══ TASK DATA ══
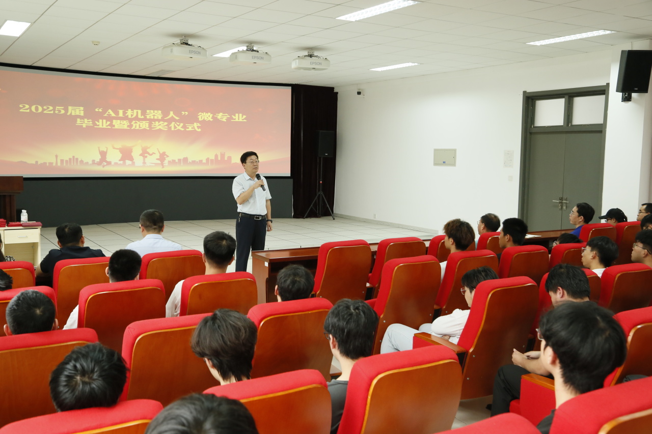 威廉希尔williamhill平台常务副主任马建民作为微专业负责人致辞,简要回顾了“AI机器人”微专业的创办初衷与建设历程,充分肯定了同学们在理论学习和工程实践中的显著进步,更寄语学子们要“立足前沿技术,把握智能时代机遇,创造美好未来”。
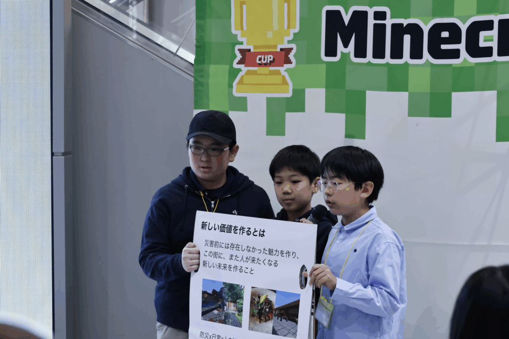 戦後80年、阪神・淡路大震災から30年という節目を迎えることから、「災害に立ち向かう力」をテーマに、教育版マインクラフトを使った作品づくりに取り組んでもらいました。
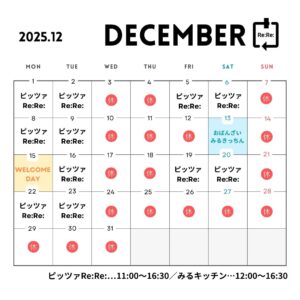 \12月のスケジュールです/ 寒さがぐっと深まり、街の灯りも温かく感じる季節になりました❄️年末ですが、工房Re:Re:もいつものゆるやかな雰囲気の中で営業していきます。 WELCOME DAY 12月15日(月)開催! […]
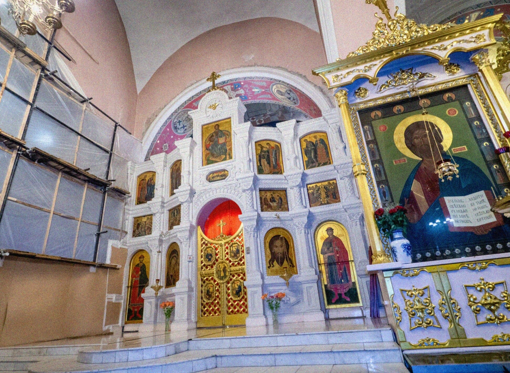Левая часть помещения на момент съёмки была закрыта строительными лесами, что свидетельствует о проведении реставрационных или ремонтных работ, направленных на сохранение и поддержание благолепия этого святого места. Естественный свет, проникающий внутрь, мягко освещает интерьер, подчёркивая духовную торжественность и благоговейную атмосферу домостроительства Божия. Данный снимок не только фиксирует архитектурные детали, но и передаёт глубокое молитвенное настроение, присущее православным храмам.
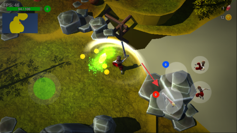 3、遇到敌人时,点击箭头指向的技能按钮,释放技能进行攻击,获取金币并推进游戏进程。
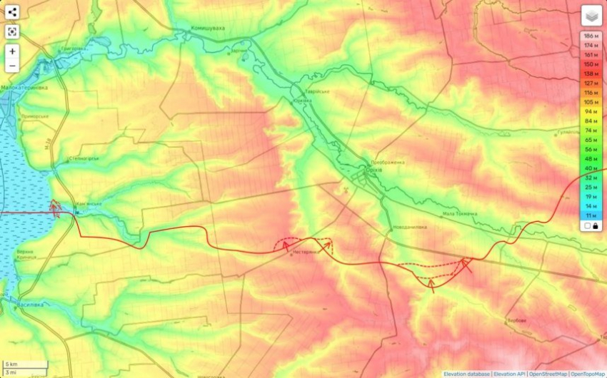 Он уточнил, что крупнейшее шоссе в этом районе проходит вдоль дамбы, а рядом находятся поля и сельские дороги, которые не смогут пропустить большие объемы войск и техники.
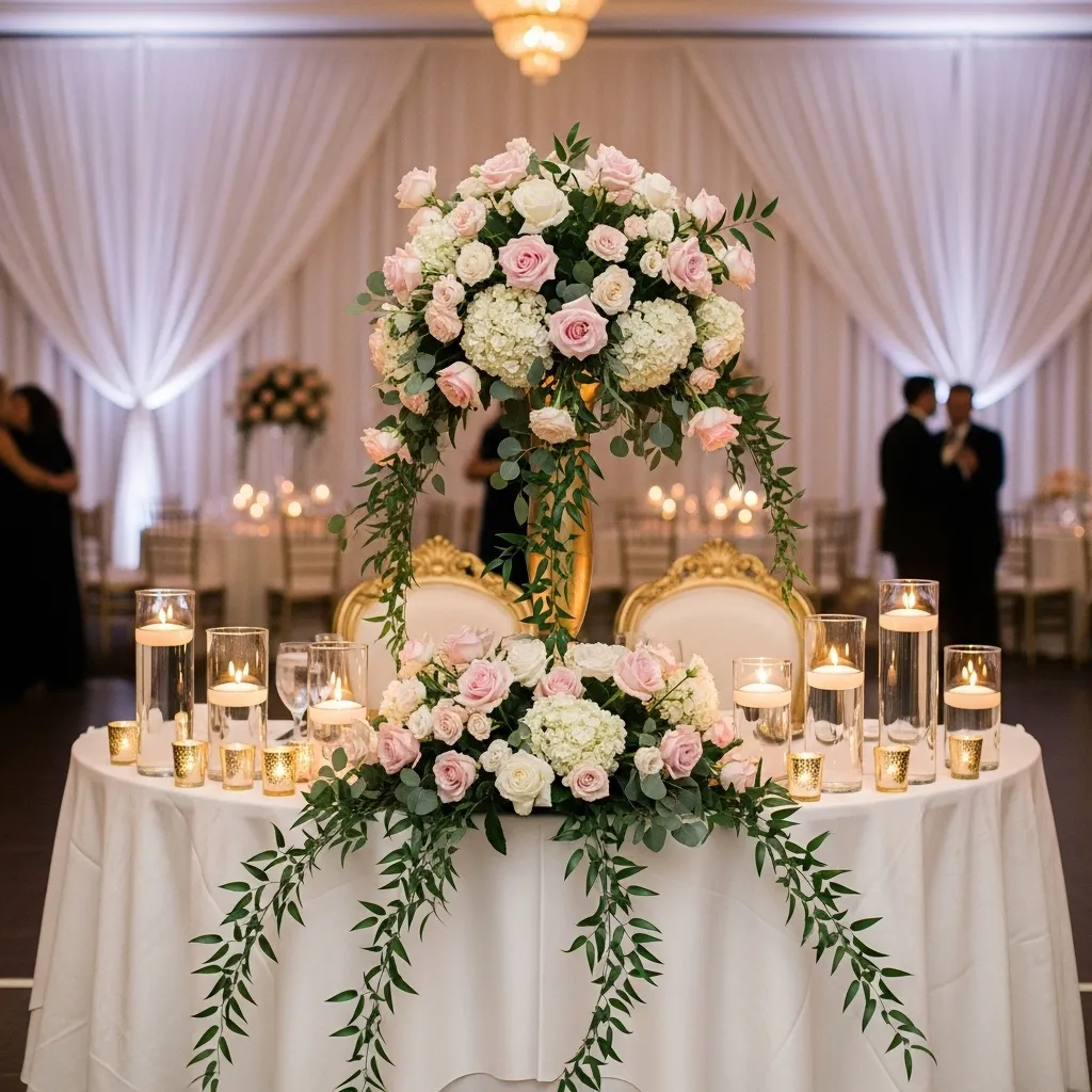 As the couple, your table should stand out. Decorate it with extra florals, candles, or a backdrop that frames the two of you beautifully. This table often becomes the focal point of the reception space, so don’t be afraid to make it feel special.
═══
### TASK TO COMPLETE:
Excluding the pictures, retype the line containing "DAY 12月15日(月)開催! […]" and all lines after it down to the end of the data above.

### TASK RESULT:
 \12月のスケジュールです/ 寒さがぐっと深まり、街の灯りも温かく感じる季節になりました❄️年末ですが、工房Re:Re:もいつものゆるやかな雰囲気の中で営業していきます。 WELCOME DAY 12月15日(月)開催! […]
Левая часть помещения на момент съёмки была закрыта строительными лесами, что свидетельствует о проведении реставрационных или ремонтных работ, направленных на сохранение и поддержание благолепия этого святого места. Естественный свет, проникающий внутрь, мягко освещает интерьер, подчёркивая духовную торжественность и благоговейную атмосферу домостроительства Божия. Данный снимок не только фиксирует архитектурные детали, но и передаёт глубокое молитвенное настроение, присущее православным храмам.
 3、遇到敌人时,点击箭头指向的技能按钮,释放技能进行攻击,获取金币并推进游戏进程。
 Он уточнил, что крупнейшее шоссе в этом районе проходит вдоль дамбы, а рядом находятся поля и сельские дороги, которые не смогут пропустить большие объемы войск и техники.
 As the couple, your table should stand out. Decorate it with extra florals, candles, or a backdrop that frames the two of you beautifully. This table often becomes the focal point of the reception space, so don’t be afraid to make it feel special.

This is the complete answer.